* BRIEF
Would you restate the listing word for word, with the images omitted?

━━━ RECORDS FOR THE TASK

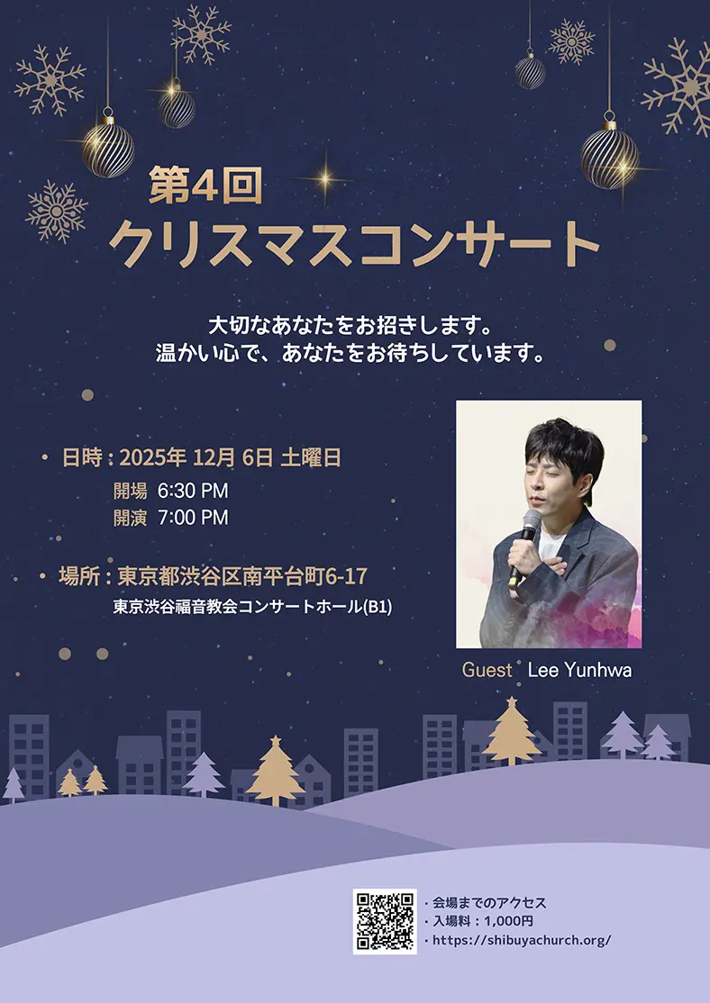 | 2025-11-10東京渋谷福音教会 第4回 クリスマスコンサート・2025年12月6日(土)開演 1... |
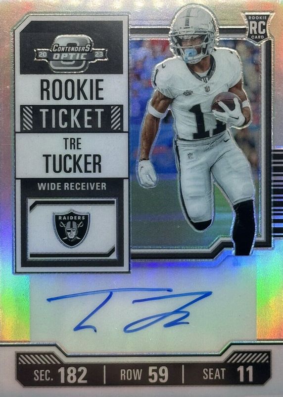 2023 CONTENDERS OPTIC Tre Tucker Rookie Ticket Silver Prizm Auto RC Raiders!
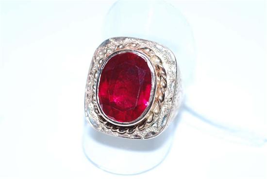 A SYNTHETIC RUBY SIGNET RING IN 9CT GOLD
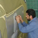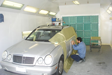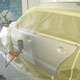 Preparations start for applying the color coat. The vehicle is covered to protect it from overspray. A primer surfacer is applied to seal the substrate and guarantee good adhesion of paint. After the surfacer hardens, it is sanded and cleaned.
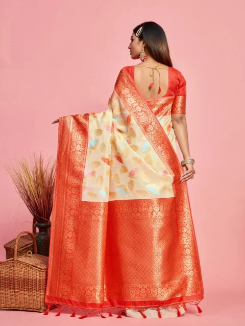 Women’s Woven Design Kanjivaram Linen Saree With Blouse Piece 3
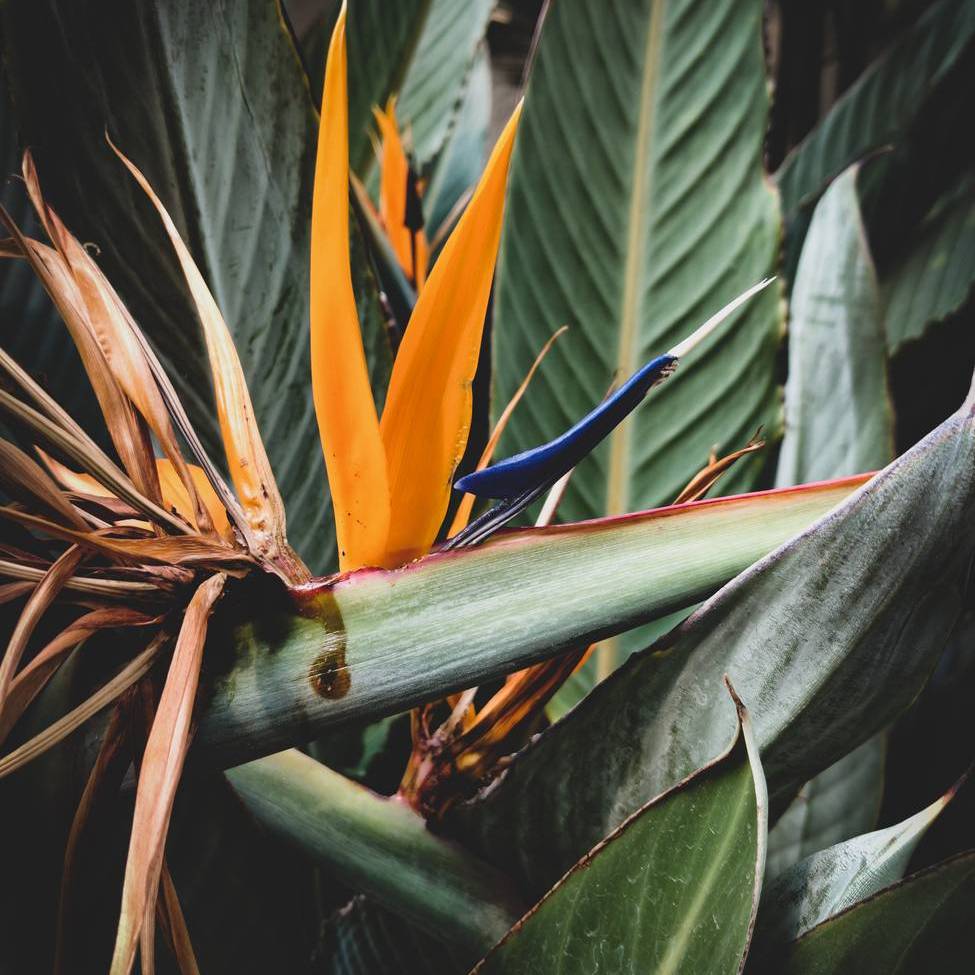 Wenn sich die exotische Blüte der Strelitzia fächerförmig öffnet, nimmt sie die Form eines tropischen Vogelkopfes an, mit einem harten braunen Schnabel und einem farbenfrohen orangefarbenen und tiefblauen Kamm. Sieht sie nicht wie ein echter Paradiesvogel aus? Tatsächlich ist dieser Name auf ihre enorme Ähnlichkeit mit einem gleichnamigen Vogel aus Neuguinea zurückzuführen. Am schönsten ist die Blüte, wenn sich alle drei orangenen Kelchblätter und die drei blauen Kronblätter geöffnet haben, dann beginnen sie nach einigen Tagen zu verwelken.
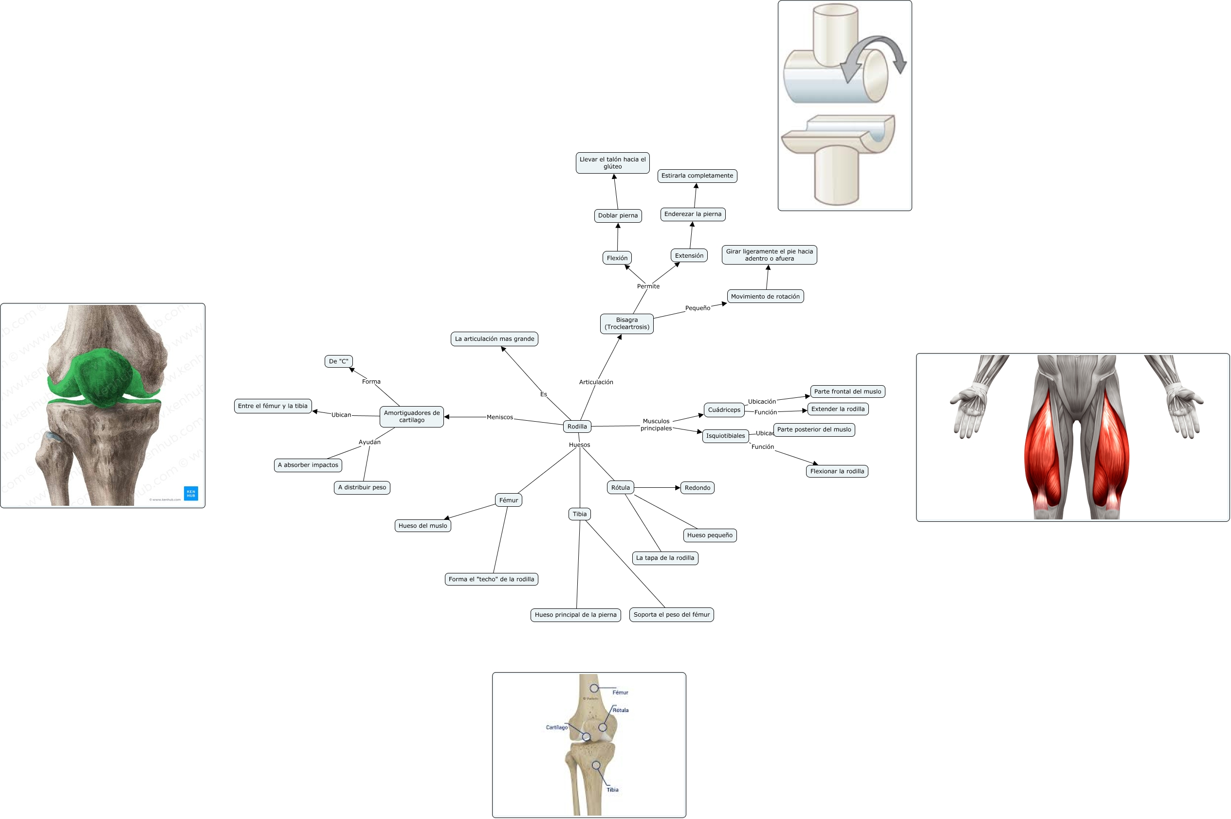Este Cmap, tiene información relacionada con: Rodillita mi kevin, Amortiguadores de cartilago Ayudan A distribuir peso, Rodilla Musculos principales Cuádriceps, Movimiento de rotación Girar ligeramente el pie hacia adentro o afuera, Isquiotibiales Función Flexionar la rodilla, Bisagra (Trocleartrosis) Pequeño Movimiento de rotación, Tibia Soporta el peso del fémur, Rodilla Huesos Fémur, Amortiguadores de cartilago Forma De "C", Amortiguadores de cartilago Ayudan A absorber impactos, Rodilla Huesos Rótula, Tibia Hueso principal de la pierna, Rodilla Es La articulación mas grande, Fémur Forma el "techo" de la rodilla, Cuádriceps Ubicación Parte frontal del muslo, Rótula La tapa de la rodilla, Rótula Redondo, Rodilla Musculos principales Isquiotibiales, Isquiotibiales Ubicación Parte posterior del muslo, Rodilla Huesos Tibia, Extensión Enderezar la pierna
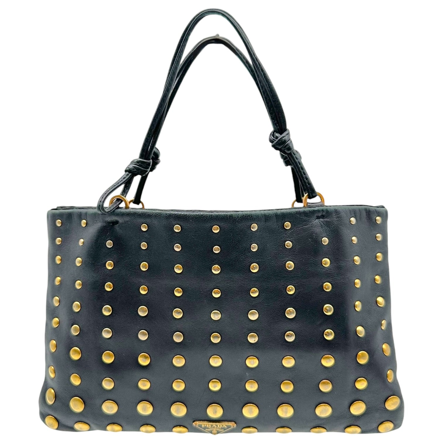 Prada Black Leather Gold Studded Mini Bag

━━━━━━

* WRITTEN ANSWER
 | 2025-11-10東京渋谷福音教会 第4回 クリスマスコンサート・2025年12月6日(土)開演 1... |
 2023 CONTENDERS OPTIC Tre Tucker Rookie Ticket Silver Prizm Auto RC Raiders!
 A SYNTHETIC RUBY SIGNET RING IN 9CT GOLD
 Preparations start for applying the color coat. The vehicle is covered to protect it from overspray. A primer surfacer is applied to seal the substrate and guarantee good adhesion of paint. After the surfacer hardens, it is sanded and cleaned.
 Women’s Woven Design Kanjivaram Linen Saree With Blouse Piece 3
 Wenn sich die exotische Blüte der Strelitzia fächerförmig öffnet, nimmt sie die Form eines tropischen Vogelkopfes an, mit einem harten braunen Schnabel und einem farbenfrohen orangefarbenen und tiefblauen Kamm. Sieht sie nicht wie ein echter Paradiesvogel aus? Tatsächlich ist dieser Name auf ihre enorme Ähnlichkeit mit einem gleichnamigen Vogel aus Neuguinea zurückzuführen. Am schönsten ist die Blüte, wenn sich alle drei orangenen Kelchblätter und die drei blauen Kronblätter geöffnet haben, dann beginnen sie nach einigen Tagen zu verwelken.
Este Cmap, tiene información relacionada con: Rodillita mi kevin, Amortiguadores de cartilago Ayudan A distribuir peso, Rodilla Musculos principales Cuádriceps, Movimiento de rotación Girar ligeramente el pie hacia adentro o afuera, Isquiotibiales Función Flexionar la rodilla, Bisagra (Trocleartrosis) Pequeño Movimiento de rotación, Tibia Soporta el peso del fémur, Rodilla Huesos Fémur, Amortiguadores de cartilago Forma De "C", Amortiguadores de cartilago Ayudan A absorber impactos, Rodilla Huesos Rótula, Tibia Hueso principal de la pierna, Rodilla Es La articulación mas grande, Fémur Forma el "techo" de la rodilla, Cuádriceps Ubicación Parte frontal del muslo, Rótula La tapa de la rodilla, Rótula Redondo, Rodilla Musculos principales Isquiotibiales, Isquiotibiales Ubicación Parte posterior del muslo, Rodilla Huesos Tibia, Extensión Enderezar la pierna
 Prada Black Leather Gold Studded Mini Bag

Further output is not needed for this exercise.